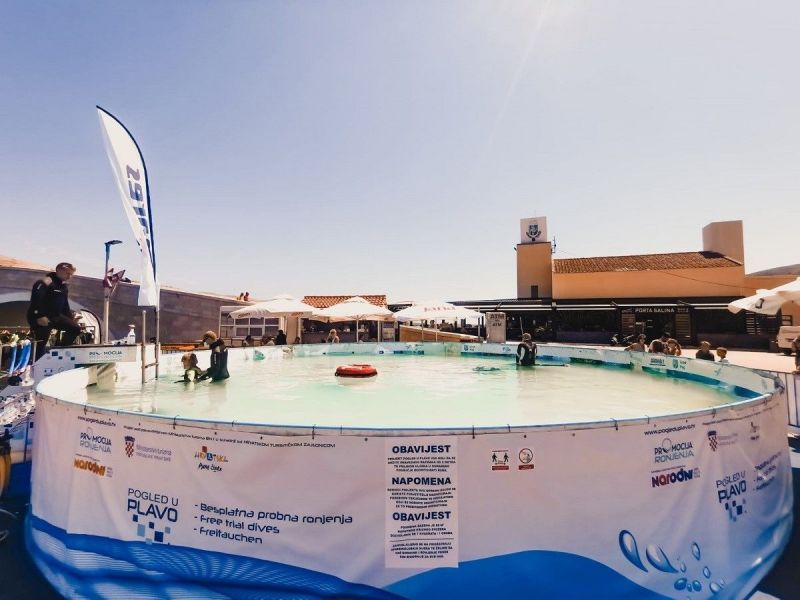 Tijekom ovog vikenda montažni 10 metarski bazen pod nazivom Pogled u plavo smjestio se je na staroj rivi u gradu Pagu s ciljem promocije ronjenja, ronilačkih lokacija i ljepota hrvatskog podmorja kroz besplatna probna ronjenja.
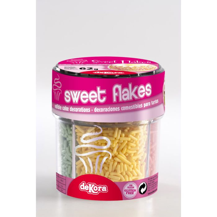 Confettis multicolores en sucre, de couleur rose, vert, jaune et rouge, pot distributeur de 62 grammes. Un bon plan pour sublimer vos cup-cakes et gâteaux à moindre coût !
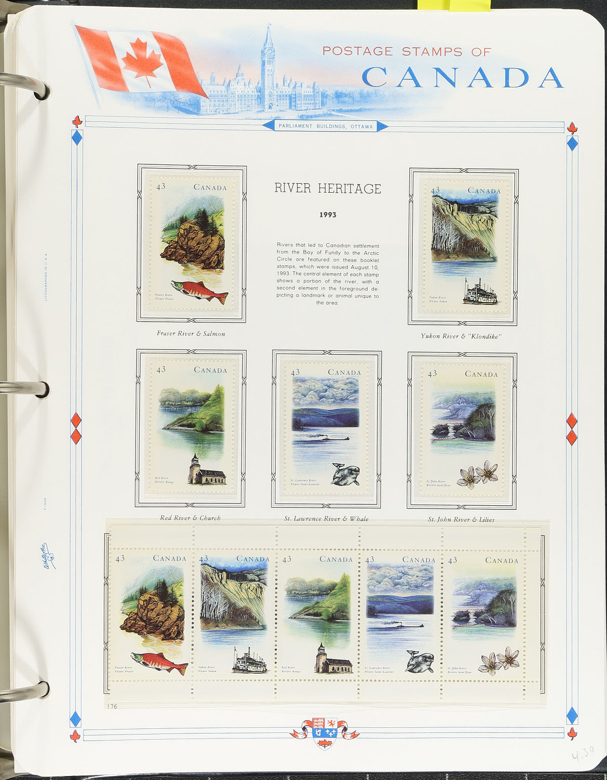Lovely collection of mint never hinged Canada, 1983-1995, containing several hundreds of stamps, on over 100 hingeless White Ace album pages housed in a thick binder. The collection ranges from Unitrade #924/1587, noting singles, pairs, blocks, souvenir sheets, and a few booklets. Face value alone totals $330.00. Online photos show a few sample pages. A nice collection that should be expanded. Conservatively valued for the total postage value alone. Total face value =
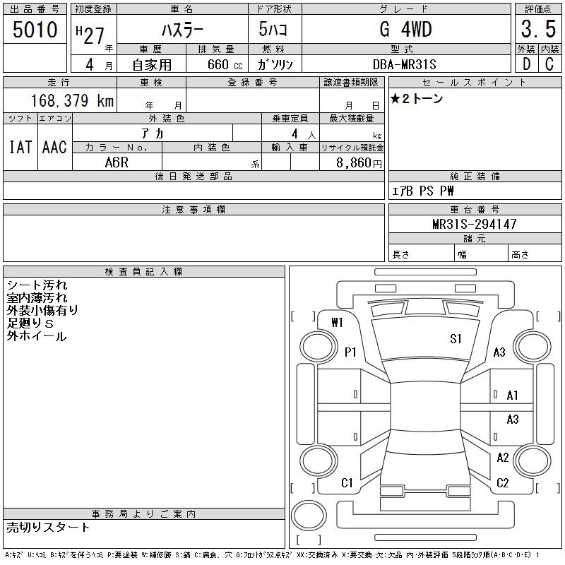 Suzuki Hustler, 2015 года - Лот№5010 ★3.5
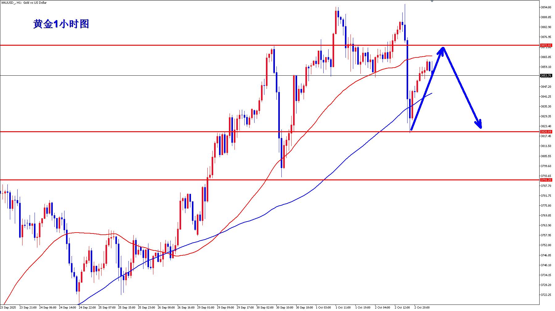 昨天早盘我们就说黄金短期要注意调整,黄金震荡调整为主,上方3890空,下方3820可以多,黄金昨天的行情跟我们昨天早盘的分析如出一辙。黄金早盘美盘最终反弹到3890上方冲高回落,黄金直接3890空,最终黄金大跌,如期触及3820附近一线。随着美国政府的停摆,一系列重要数据可能延迟公布,具体还得看进一步的动态。
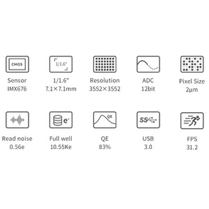 Această camera este echipată cu un senzor modern de 1,6" cu 3552*3552 Pixeli. Pe lângă tehnologia modernă Starvis 2 (cu iluminare din spate), IMX676 oferă o imagine extrem de clară, fără strălucire amplificată (Amp-Glow) - dar convinge mai ales prin rezoluția foarte mare de 2,0 µm pixeli, precum și prin rata de cadre relativ mare. Camera este astfel potrivită în special pentru următoarele aplicații:
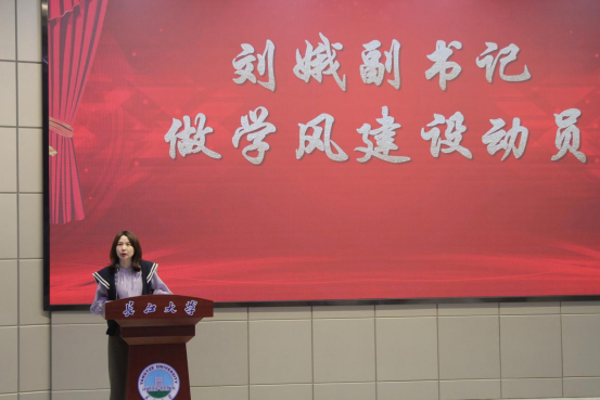 “勤学乐学好学善学,学无止境勇攀高峰。”学院党委副书记刘娥老师做学风建设动员,她从学风建设的意义、学风建设目标以及具体措施等方面做了详细介绍。她讲到:“希望同学们将心中的梦想转化为每一天的计划和坚持,勤于学习、善于思考、敏于探索、勇于创新,让青春在实干中闪光,让人生在实干中体现价值。”

---

### Problem statement
For each record above, write out every line exactly and skip the pictures.

### Exercise solution
 Tijekom ovog vikenda montažni 10 metarski bazen pod nazivom Pogled u plavo smjestio se je na staroj rivi u gradu Pagu s ciljem promocije ronjenja, ronilačkih lokacija i ljepota hrvatskog podmorja kroz besplatna probna ronjenja.
 Confettis multicolores en sucre, de couleur rose, vert, jaune et rouge, pot distributeur de 62 grammes. Un bon plan pour sublimer vos cup-cakes et gâteaux à moindre coût !
Lovely collection of mint never hinged Canada, 1983-1995, containing several hundreds of stamps, on over 100 hingeless White Ace album pages housed in a thick binder. The collection ranges from Unitrade #924/1587, noting singles, pairs, blocks, souvenir sheets, and a few booklets. Face value alone totals $330.00. Online photos show a few sample pages. A nice collection that should be expanded. Conservatively valued for the total postage value alone. Total face value =
 Suzuki Hustler, 2015 года - Лот№5010 ★3.5
 昨天早盘我们就说黄金短期要注意调整,黄金震荡调整为主,上方3890空,下方3820可以多,黄金昨天的行情跟我们昨天早盘的分析如出一辙。黄金早盘美盘最终反弹到3890上方冲高回落,黄金直接3890空,最终黄金大跌,如期触及3820附近一线。随着美国政府的停摆,一系列重要数据可能延迟公布,具体还得看进一步的动态。
 Această camera este echipată cu un senzor modern de 1,6" cu 3552*3552 Pixeli. Pe lângă tehnologia modernă Starvis 2 (cu iluminare din spate), IMX676 oferă o imagine extrem de clară, fără strălucire amplificată (Amp-Glow) - dar convinge mai ales prin rezoluția foarte mare de 2,0 µm pixeli, precum și prin rata de cadre relativ mare. Camera este astfel potrivită în special pentru următoarele aplicații:
 “勤学乐学好学善学,学无止境勇攀高峰。”学院党委副书记刘娥老师做学风建设动员,她从学风建设的意义、学风建设目标以及具体措施等方面做了详细介绍。她讲到:“希望同学们将心中的梦想转化为每一天的计划和坚持,勤于学习、善于思考、敏于探索、勇于创新,让青春在实干中闪光,让人生在实干中体现价值。”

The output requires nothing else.